Thomas Cook needs a strong financial partner
Last month, Thomas Cook revealed his intention to close 21 travel agencies, resulting in the loss of 320 jobs. These closures are part of plans to « streamline » its UK sales network.
In February, Thomas Cook also announced its intention to conduct a strategic review of its air transport operations as it seeks funds to stimulate investment elsewhere in its portfolio of activities.
Deficient results for Thomas Cook
In 2018, Thomas Cook issued two profit warnings and recorded a pre-tax loss of £163 million, compared with a profit of £9 million in the previous year.
Delays in bookings and the impact of exchange rate fluctuations contributed to net debt rising to £389m from £40m in 2017.

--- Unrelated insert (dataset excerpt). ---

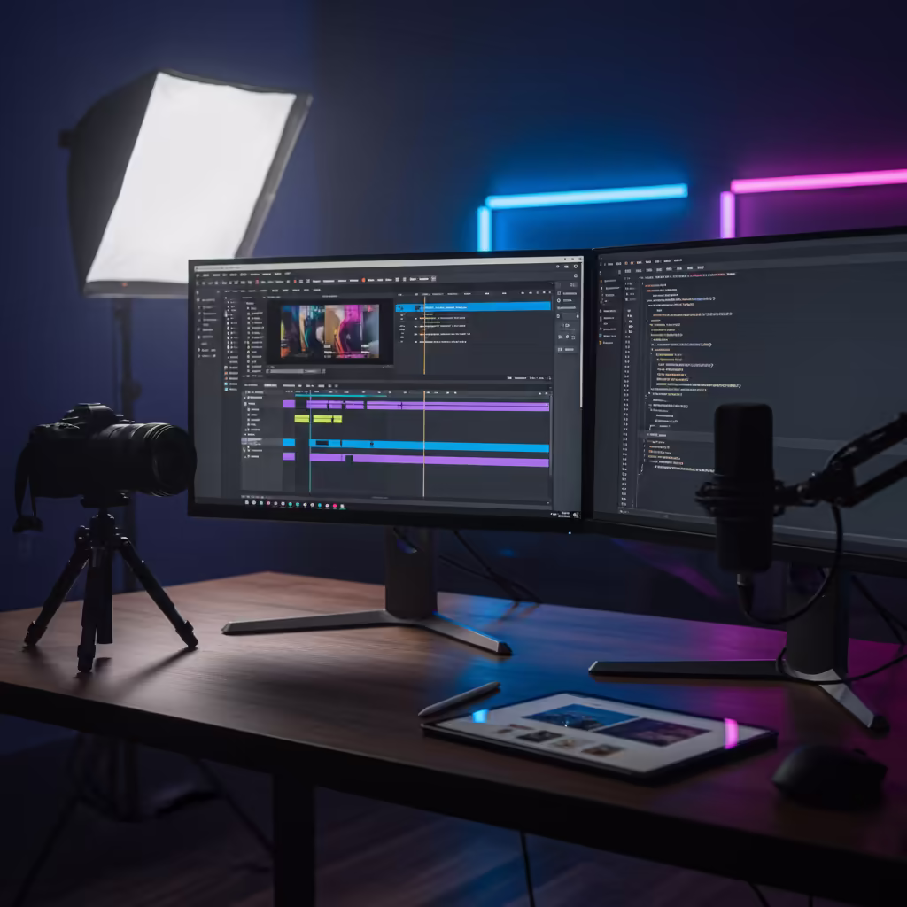 Producing high-quality video by editing in Premiere Pro, complemented by creating engaging motion graphics and visual effects in After Effects.
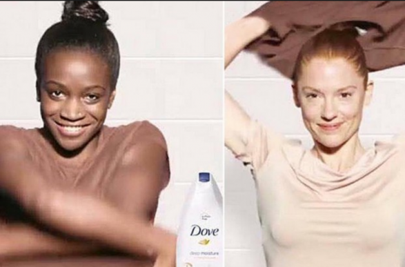 Reklama e publikuar të shtunën tregoi katër fotografi – dy nga to që tregonin një grua me ngjyrë teksa hiqte fanellën e saj dhe “kthehej” në një grua të bardhë. Një shishe e “Dove” ishte në qosh të reklamës.

The Chinese Fosun is on the lookout
Fosun could be on the verge of taking over Thomas Cook’s majority. The conglomerate has already had a significant shareholding for a long time.
Markets, particularly in London, have indicated that Fosun has shown preliminary interest in purchasing the tour operator. Fosun already has a strong presence in tourism, fashion, health and other fields.
The Chinese group owns Club Med and a 24.5% stake in Cirque du Soleil.
Fosun RZ Capital, a subsidiary of Fosun, announced that it was leading a $6.75 million investment in Splitty, an Israel-based hotel booking start-up.
Fosun also owns the French fashion brand Lanvin and the health food company St Hubert.
The Fosun group will not be able to take the majority on the air part because European rules do not allow it. But the group seems to want to find a solution on this side.